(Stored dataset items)
..........
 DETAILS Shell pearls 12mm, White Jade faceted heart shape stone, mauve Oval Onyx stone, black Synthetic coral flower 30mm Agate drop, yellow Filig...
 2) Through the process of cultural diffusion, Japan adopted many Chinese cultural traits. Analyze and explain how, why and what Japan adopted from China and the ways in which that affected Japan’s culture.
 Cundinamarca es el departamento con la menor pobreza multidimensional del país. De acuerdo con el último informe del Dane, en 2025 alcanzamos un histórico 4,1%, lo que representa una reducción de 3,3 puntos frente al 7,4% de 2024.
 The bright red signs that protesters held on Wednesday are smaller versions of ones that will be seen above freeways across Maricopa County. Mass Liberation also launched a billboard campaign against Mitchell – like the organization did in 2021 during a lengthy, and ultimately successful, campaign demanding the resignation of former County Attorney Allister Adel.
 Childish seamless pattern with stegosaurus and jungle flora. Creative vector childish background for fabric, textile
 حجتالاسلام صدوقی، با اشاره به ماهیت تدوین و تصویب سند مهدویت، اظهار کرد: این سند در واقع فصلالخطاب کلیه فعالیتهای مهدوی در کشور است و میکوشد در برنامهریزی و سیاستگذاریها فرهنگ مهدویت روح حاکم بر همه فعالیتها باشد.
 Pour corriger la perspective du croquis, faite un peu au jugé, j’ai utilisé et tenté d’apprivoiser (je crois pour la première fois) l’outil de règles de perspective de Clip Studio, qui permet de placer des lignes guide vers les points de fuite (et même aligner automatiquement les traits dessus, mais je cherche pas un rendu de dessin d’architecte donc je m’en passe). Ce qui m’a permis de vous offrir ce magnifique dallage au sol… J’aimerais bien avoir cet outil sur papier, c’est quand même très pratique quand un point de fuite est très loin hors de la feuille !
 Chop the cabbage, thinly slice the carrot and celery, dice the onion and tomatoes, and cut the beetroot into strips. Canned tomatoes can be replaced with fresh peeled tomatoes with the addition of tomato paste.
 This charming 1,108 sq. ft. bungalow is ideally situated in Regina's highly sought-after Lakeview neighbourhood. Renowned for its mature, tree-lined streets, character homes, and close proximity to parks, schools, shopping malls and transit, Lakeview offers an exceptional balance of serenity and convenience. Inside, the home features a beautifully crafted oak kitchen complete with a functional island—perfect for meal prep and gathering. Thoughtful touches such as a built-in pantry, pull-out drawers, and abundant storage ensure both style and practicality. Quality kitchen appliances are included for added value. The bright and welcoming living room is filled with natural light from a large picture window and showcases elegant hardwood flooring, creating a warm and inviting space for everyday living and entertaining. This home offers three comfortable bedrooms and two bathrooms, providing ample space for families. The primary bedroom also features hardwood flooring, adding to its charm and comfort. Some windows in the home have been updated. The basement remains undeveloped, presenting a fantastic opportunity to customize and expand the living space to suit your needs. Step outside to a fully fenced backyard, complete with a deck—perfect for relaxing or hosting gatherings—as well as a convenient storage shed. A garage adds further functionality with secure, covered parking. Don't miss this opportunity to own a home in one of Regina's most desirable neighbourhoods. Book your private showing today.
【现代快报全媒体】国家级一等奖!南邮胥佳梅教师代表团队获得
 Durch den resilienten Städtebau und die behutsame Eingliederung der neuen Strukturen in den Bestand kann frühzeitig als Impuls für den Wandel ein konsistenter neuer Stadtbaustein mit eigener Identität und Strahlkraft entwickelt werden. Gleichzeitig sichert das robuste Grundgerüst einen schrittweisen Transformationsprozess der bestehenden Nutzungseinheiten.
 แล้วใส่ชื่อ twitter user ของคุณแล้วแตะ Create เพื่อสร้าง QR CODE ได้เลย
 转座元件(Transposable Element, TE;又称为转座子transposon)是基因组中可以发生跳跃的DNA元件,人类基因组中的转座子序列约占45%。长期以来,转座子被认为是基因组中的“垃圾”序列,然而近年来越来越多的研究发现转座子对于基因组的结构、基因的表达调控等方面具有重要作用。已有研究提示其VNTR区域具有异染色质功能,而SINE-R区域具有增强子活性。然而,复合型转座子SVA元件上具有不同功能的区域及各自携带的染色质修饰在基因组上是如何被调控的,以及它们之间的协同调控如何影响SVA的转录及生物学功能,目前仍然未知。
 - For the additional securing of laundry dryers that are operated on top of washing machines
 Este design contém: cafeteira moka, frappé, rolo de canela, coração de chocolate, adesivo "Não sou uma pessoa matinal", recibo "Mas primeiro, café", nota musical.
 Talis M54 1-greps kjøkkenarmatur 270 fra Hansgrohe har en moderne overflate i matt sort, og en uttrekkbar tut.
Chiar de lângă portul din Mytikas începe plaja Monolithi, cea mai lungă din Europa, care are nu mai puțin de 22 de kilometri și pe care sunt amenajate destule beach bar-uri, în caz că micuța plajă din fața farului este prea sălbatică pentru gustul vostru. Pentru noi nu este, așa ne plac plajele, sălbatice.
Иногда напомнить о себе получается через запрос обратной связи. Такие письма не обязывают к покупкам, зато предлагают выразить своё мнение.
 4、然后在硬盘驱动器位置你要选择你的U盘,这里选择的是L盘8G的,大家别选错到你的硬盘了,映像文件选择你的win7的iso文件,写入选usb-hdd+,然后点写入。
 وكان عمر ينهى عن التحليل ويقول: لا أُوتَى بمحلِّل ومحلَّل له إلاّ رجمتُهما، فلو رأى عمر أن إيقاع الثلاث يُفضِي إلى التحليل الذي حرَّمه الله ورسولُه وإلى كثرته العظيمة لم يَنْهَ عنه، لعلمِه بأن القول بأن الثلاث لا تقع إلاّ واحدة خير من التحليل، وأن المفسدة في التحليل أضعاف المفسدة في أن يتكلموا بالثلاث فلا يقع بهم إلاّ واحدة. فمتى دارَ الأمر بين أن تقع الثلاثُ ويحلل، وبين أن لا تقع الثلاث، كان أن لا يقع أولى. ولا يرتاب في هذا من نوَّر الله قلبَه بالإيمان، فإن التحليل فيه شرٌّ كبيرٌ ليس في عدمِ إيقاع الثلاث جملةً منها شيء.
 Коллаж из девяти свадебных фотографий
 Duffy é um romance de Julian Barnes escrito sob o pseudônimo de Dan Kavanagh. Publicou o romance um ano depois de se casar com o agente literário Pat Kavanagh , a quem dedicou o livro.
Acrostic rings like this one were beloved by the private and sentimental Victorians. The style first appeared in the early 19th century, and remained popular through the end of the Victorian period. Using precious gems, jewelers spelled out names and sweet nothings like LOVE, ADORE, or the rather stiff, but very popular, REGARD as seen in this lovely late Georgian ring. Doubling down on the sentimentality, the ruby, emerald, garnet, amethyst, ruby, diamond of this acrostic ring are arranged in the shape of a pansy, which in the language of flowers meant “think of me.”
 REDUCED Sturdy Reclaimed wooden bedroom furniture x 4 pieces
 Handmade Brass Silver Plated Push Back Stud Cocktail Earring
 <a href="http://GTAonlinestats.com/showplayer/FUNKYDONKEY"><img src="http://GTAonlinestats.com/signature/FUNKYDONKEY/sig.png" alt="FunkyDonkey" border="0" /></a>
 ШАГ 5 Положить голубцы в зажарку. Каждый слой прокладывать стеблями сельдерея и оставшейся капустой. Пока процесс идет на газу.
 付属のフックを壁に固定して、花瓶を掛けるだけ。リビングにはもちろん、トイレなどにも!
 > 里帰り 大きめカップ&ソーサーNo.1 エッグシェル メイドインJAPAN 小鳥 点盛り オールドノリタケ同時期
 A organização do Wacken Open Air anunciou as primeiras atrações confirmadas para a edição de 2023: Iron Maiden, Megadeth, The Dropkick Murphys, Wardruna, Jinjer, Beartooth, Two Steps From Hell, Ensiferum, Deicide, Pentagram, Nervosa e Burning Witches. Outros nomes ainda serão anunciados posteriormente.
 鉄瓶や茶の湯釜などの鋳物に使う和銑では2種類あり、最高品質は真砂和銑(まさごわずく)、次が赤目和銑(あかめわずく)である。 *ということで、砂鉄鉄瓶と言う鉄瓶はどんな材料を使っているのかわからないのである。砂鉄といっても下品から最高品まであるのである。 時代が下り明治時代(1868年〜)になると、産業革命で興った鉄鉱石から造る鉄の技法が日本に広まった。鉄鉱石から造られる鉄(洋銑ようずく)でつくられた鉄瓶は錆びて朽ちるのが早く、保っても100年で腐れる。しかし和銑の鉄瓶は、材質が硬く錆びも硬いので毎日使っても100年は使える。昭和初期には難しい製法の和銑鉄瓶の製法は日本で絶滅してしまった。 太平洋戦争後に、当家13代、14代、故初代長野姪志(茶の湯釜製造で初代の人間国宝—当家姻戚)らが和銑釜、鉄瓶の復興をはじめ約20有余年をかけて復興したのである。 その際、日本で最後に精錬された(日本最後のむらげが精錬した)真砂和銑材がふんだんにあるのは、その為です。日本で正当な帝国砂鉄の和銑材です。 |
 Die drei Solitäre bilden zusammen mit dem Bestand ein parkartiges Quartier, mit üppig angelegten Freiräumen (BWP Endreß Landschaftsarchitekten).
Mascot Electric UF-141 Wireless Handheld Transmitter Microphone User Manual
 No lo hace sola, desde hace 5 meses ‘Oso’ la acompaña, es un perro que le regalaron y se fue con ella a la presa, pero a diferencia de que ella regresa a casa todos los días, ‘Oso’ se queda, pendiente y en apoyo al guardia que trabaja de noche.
..........
— Activity —
Using the records above, report the count of lines holding "seen" and nothing else.

— Solution to this problem —
2